Heute verlassen Jugendliche im Durchschnitt mit 18 Jahren die Schule. Ebenfalls fand eine Verlagerung der Präferenz verschiedener Schultypen statt und damit auch eine Verschiebung in der Verteilung der Schüler auf diese Schultypen.

Während in den 50er und 60er Jahren der Hauptschulabschlußnoch den vorherrschenden Abschlußdarstellte, hat sich dies drastisch zugunsten höherer Abschlüsse verschoben. Heute erwerben etwa zwei Drittel aller Jugendlichen einen mittleren oder höheren Bildungsabschluss. Die Hauptschule erfuhr einen Ansehensverlust. Profitiert von dieser Bildungsexpansion haben vor allem die Mädchen. Arbeiterkinder sind nun zwar vermehrt auch an höheren Schulen vertreten, aber im Hinblick auf den prozentualen Anteil an der Bevölkerung noch unterrepräsentiert10.

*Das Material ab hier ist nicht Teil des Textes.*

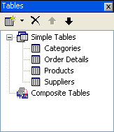 | Tables | The Tables window contains the list of all simple and composite table objects created by the Import Wizard based on the database tables. Double-clicking a table opens the Table Editor, where tables can be added and their properties specified.![]() For more information on creating and customizing tables, see Simple Tables or Composite Tables. |

Der Trend zu höheren Bildungsabschlüssen, einhergehend mit längeren Bildungszeiten, ergibt sich aus einer zwingenden Notwendigkeit. Denn nur so läßt sich gewährleisten, den gewünschten Beruf überhaupt erst ergreifen zu können.

Der Eintritt in das Beschäftigungssystem hat sich somit oftmals in das dritte Lebensjahrzehnt verschoben. Damit ändert sich auch das Sozialisationsmilieu. Schule ist geprägt durch Gleichaltrigengruppen (Homogenisierung). Hier entwickeln sich Freundschaften, werden Probleme erörtert und gemeinsame Lösungskompetenzen erarbeitet. Jugendliche erleben in erhöhtem Maße „kompetente Teilnahme- und Selbstverwirklichungschancen“11. Die Integration in altersheterogene Gruppen wird nach hinten verlagert. Jugendliche werden erst später mit den Normen der Arbeitswelt, wie der Unterordnung, konfrontiert. Sie verselbständigen sich zwar eher, bleiben aber länger ökonomisch abhängig von den Eltern.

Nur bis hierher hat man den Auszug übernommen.